Brachzeit

Kolumne:

Im Winter ist Brachzeit. Auch wenn der Schnee vielerorts noch auf sich warten lässt, ist im Februar nach wie vor eine Zeit des Ruhens: In der Erde ruhen Samen, Knollen und Zwiebeln; einige Tiere halten Winterschlaf oder verharren in der Winterstarre; Bäume und Sträucher stehen entlaubt da, ohne sichtbares Zeichen ihres Lebens.

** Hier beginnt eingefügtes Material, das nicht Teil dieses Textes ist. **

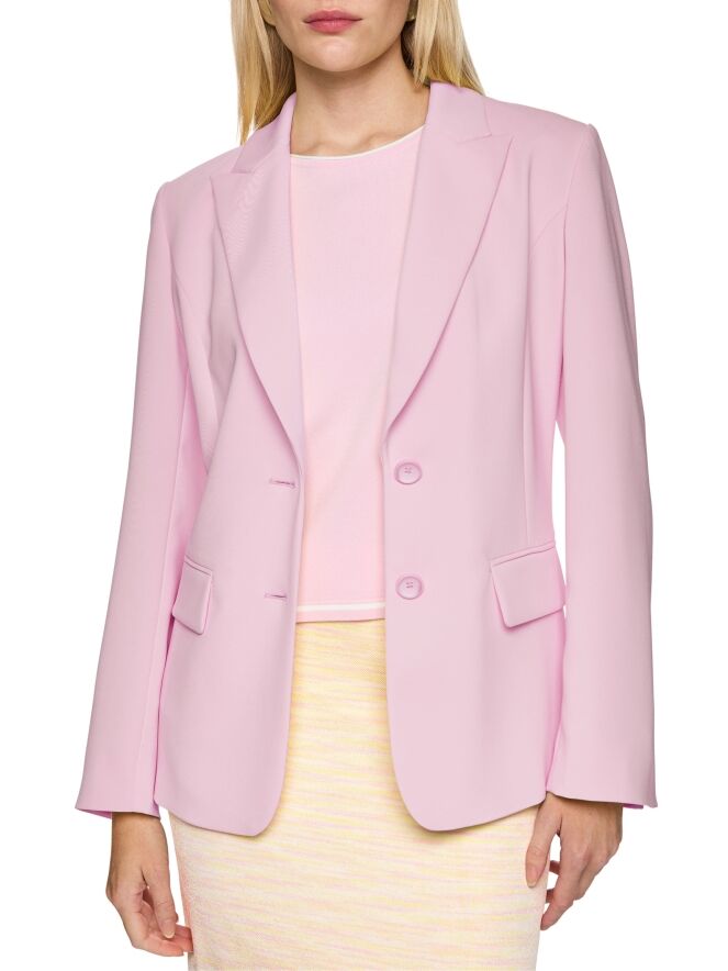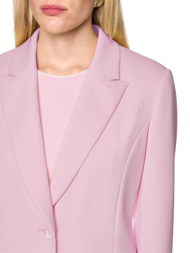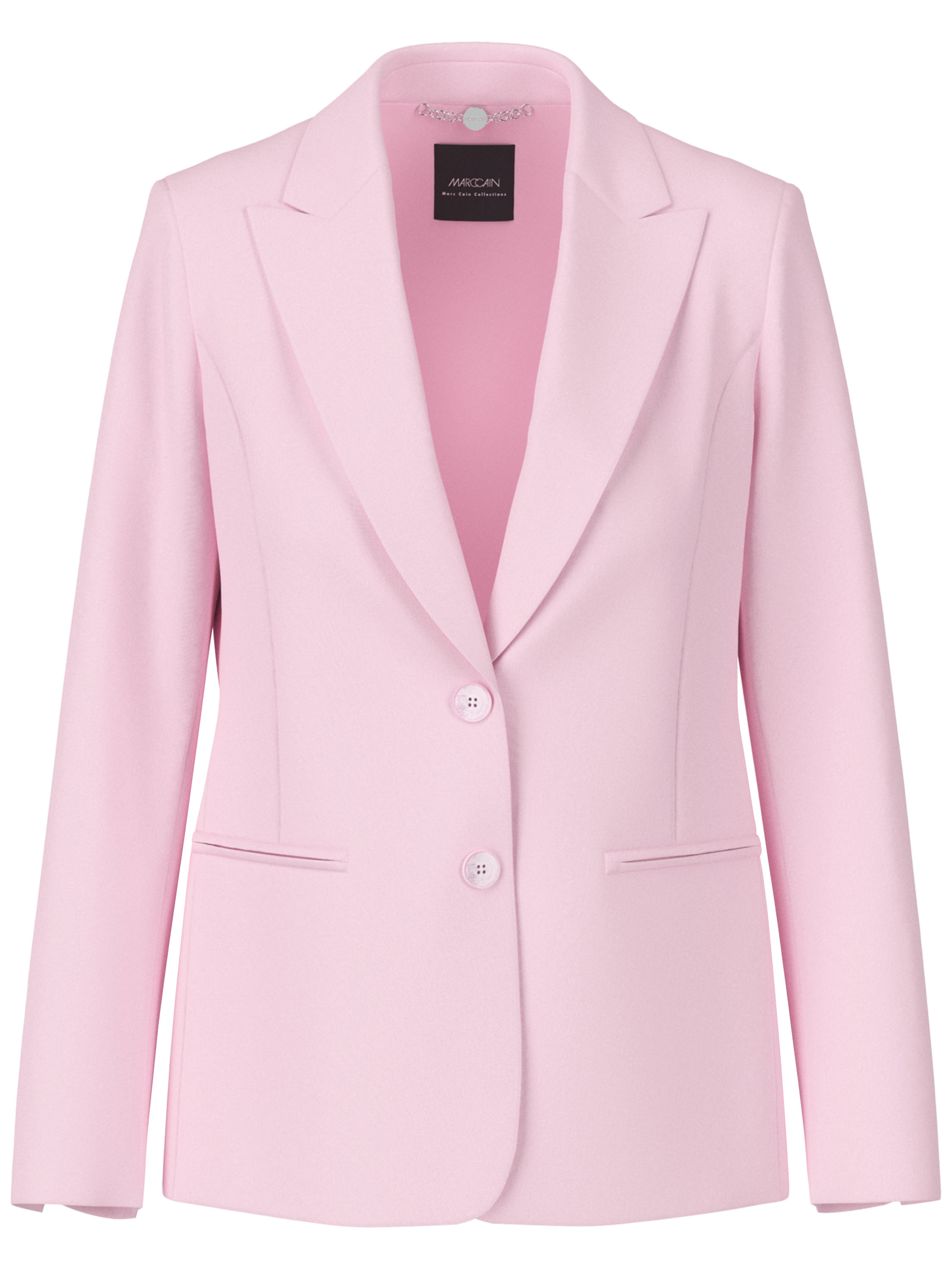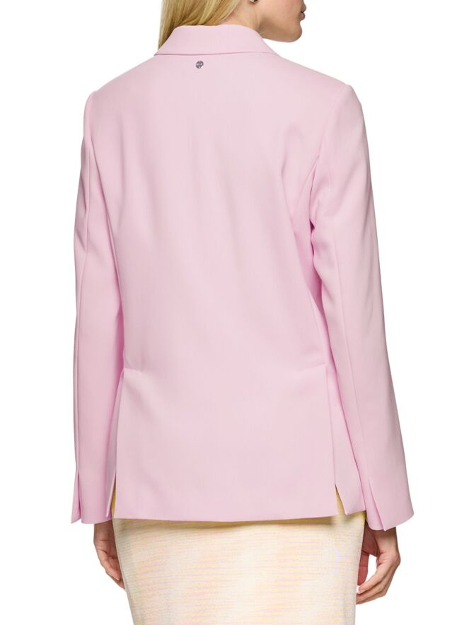 Een blazer van Marc Cain in een heldere roze kleur. De blazer heeft een sluiting met twee knopen. Aan de uiteinden van de lange mouwen zijn de manchetten voorzien van een korte split. Aan de achterzijde bevinden zich aan de onderkant, aan weerszijden van het midden, twee splitten. Deze blazer mag niet worden gewassen.

Brachzeit: Dieser alte Begriff aus der Landwirtschaft fasziniert mich jeden Winter aufs Neue. Ursprünglich stammt diese Bezeichnung aus der Zeit, als die Bauern die Dreifelderwirtschaft pflegten. Abwechslungsweise lag stets eines der drei Ackerfelder brach, das heisst, es war unbebaut. So konnte sich der Boden erholen und war im drauffolgenden Jahr wieder fruchtbar. Obwohl die heutige Landwirtschaft keine Dreifelderwirtschaft mehr kennt, ruht nach wie vor das Land im Winter. Es ist eine Zeit des Wartens und der Ruhe, während die Natur neue Kräfte sammelt, damit -anschliessend wieder Neues wachsen kann.

Diese äussere Brachzeit ist für mich jeweils eine Einladung, selber innezuhalten und mich zu fragen, inwiefern ich von der Natur lernen kann. Als Menschen machen wir nämlich -gelegentlich die Erfahrung, was -passiert, wenn wir keine Ruhe- oder Brachzeit einschalten: Die Kräfte scheinen nur noch zu schwinden und es gibt Tage und Zeiten, in denen wir uns erschöpft fühlen. Gezwungenermassen muss dann eine Auszeit eingelegt werden.

Die Natur mit ihrer Brachzeit im Winter erinnert mich immer wieder aufs Neue, dass auch ich als Mensch Brachzeiten brauche. Zeiten, in denen äusserlich nicht viel läuft. Zeiten, in denen wir nicht effizient sein müssen. Zeiten, in denen die Kräfte neu -gesammelt werden können. Solche Zeiten können sehr verschieden -gestaltet sein, denn so unterschiedlich die Menschen sind, so unterschiedlich zeigt sich auch die Brachzeit im -Leben der Menschen: Manche trinken bewusst und in aller Ruhe nach dem Mittagessen einen Kaffee, andere -erholen sich beim Joggen nach der Arbeit oder beim Musizieren im -Verein. Wiederum andere lesen -Zeitung oder jassen zusammen mit anderen. Allen Brachzeiten gemein ist, dass äusserlich nichts Sichtbares -produziert wird, aber innerlich Neues entsteht.

Die Natur sammelt ihre Kräfte im Winter. Denn ohne die Brachzeit im Winter vermöchte die Natur im Frühling nicht von Neuem zu blühen. Nicht nur im Winter, sondern während des ganzen Jahres brauche ich Brachzeiten. Hierfür ist der Winter eine -Erinnerung.